WASHINGTON — Sales of existing homes tumbled more sharply than expected in June, pushing activity down to the lowest level in more than a decade.
With an already huge glut of homes on the market, median prices fell compared with a year ago, and analysts predicted prices would keep falling until next spring as tighter credit, a slipping job market and rising foreclosures scare potential buyers away.
The National Association of Realtors reported Thursday that sales dropped by 2.6 percent last month to a seasonally adjusted annual rate of 4.86 million units, the slowest sales pace since the first quarter of 1998.
Earlier this month, Metrolist, the multiple listing service for the Denver metro area, reported that the number of properties sold in June increased 3.9 percent from May to 4,845. But the number was down 5.5 percent from the 5,129 sales in June 2007.
The national decline was more than double the 1 percent drop that economists had been expecting and left sales 15.5 percent below where they were a year ago.
The downward slide in sales depressed prices, too. The median price for a home sold in June dropped to $215,100, down by 6.1 percent from a year ago.
That was the fifth-largest year-over-year price drop on record.
Inventories of homes on the market rose by 0.2 percent to 4.49 million units, meaning it would take 11.1 months to exhaust the current backlog at the June sales pace, the second-highest level in the past 24 years. The glut of unsold homes is being made worse by a rising wave of foreclosures.

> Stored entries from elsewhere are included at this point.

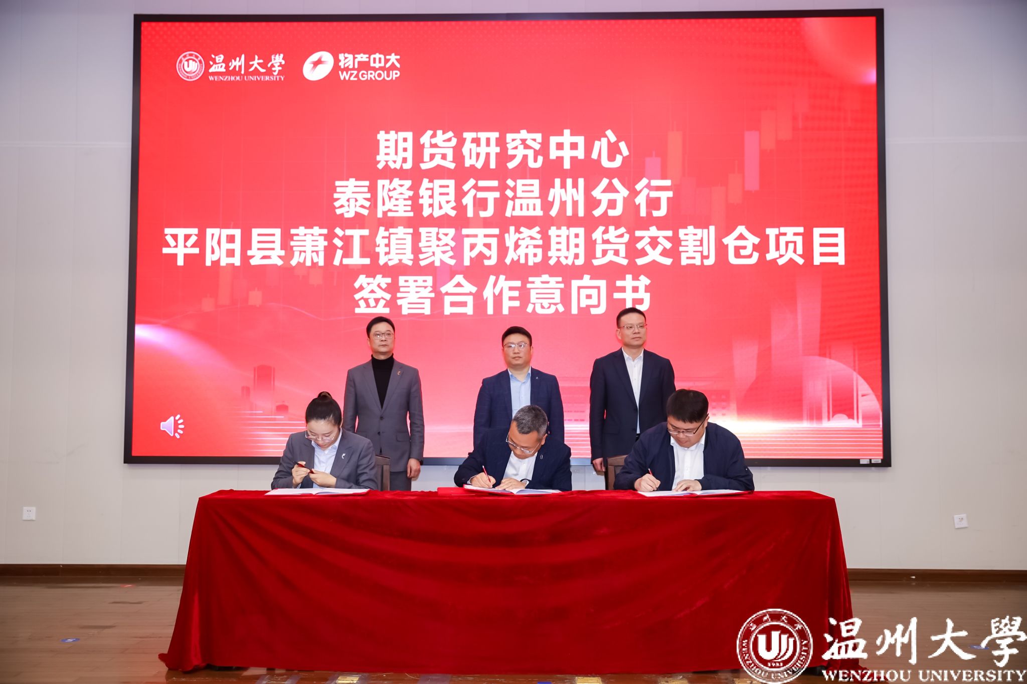 期货研究中心执行主任林德根、泰隆银行温州分行人力负责人张忆、萧江镇镇长钱忠年同时签约。3044永利集团公司党委书记唐华、泰隆银行温州分行行长周建斌、平阳县人民政府副县长朱邦丰共同见证。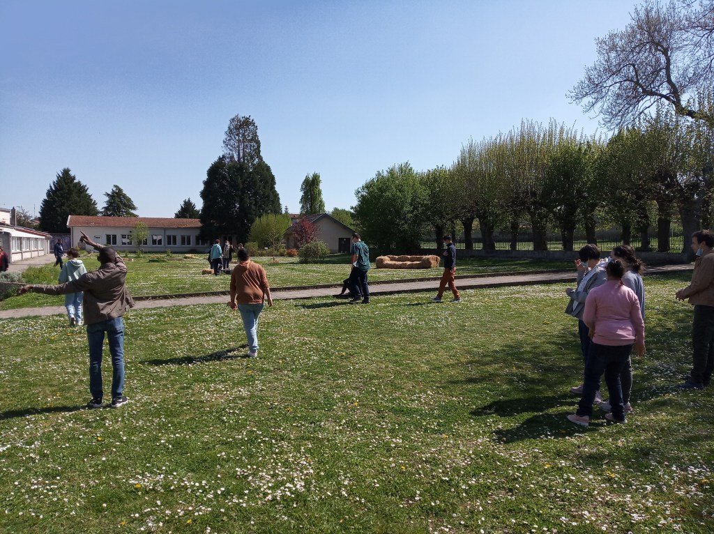 Un groupe d’élèves et Camille ont caché les poules et les lapins dans le parc !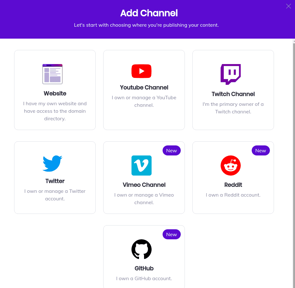 In order to add your blog, you just click on the Add Channel button. This will give you the selection of items that you can receive tips for. I was very surprised to notice the variety! I made this article to show how you can become a creator with a website, but I will definitely add my GitHub account to it also. I am not expecting a big payout (or even anything for that matter, but it cannot hurt to try).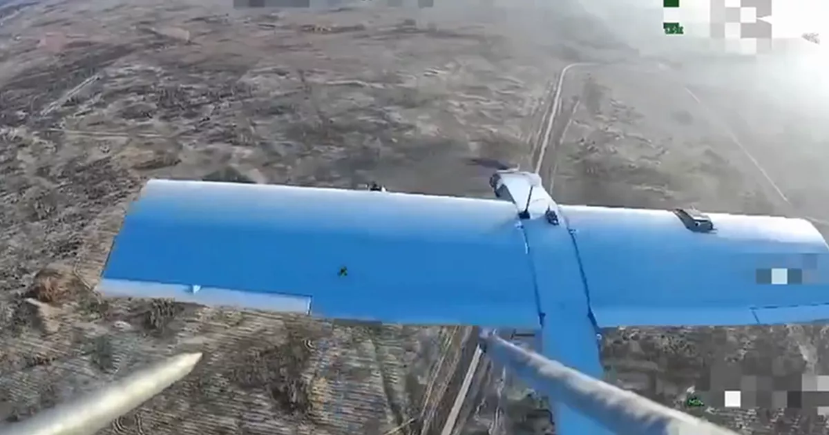 - Накануне оператор российского FPV-дрона «Бумеранг-10» подразделения БПЛА 18-й общевойсковой армии осуществлял вылет для обнаружения и уничтожения крупных разведывательных и ударных дронов украинских националистов. В процессе полета над территорией противника на правом берегу Днепра в небе был обнаружен украинский ударный БПЛА «Дартс» самолетного типа, используемый подразделениями ВСУ в качестве барражирующего боеприпаса, - прокомментировали кадры в федеральном ведомстве. - Начальником расчета незамедлительно было принято решение уничтожить БПЛА противника тараном. Удар был результативным – буквально с первого захода российский FPV-дрон вонзил острые наконечники в левую консоль украинского беспилотника и значительно повредил ее. Спустя несколько секунд дрон-камикадзе «Дартс» развалился и взорвался в небе.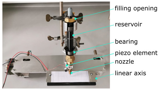The structure of the VAPF consists of a tube that stores powder and is mounted on damping elements. The filler neck where the powder is introduced is located at the upper end of the tube. In the lower section, a piezo element is located close to the nozzle, which can be triggered to vibrate via alternating voltage. When this voltage is applied, powder flows out of the nozzle tip during transitions. Figure 2 shows an example of a powder trail deposited on graph paper.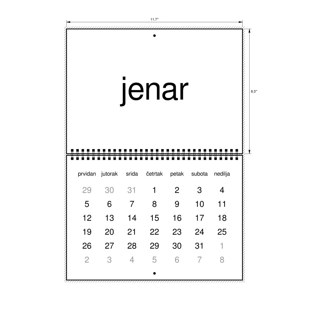 This calendar features the Slavomolisano names of months and days of the week on top of a standard Gregorian calendar layout. Beyond its utility for tracking dates, it serves as an educational tool, cultural touchstone (cultural artifact), and functional decor (aesthetic object).

“California is on the leading edge of a housing recovery and that is because prices are falling fast in many areas and that is restoring affordability,” said Mark Zandi, chief economist at Moody’s .
But he predicted any rebound nationally will be slow in coming, reflecting the continued surge in foreclosures as many subprime mortgages reset to higher rates.
“It will be a long and painful end to this downturn, but at least we are beginning to see some signs of the end,” the economist said.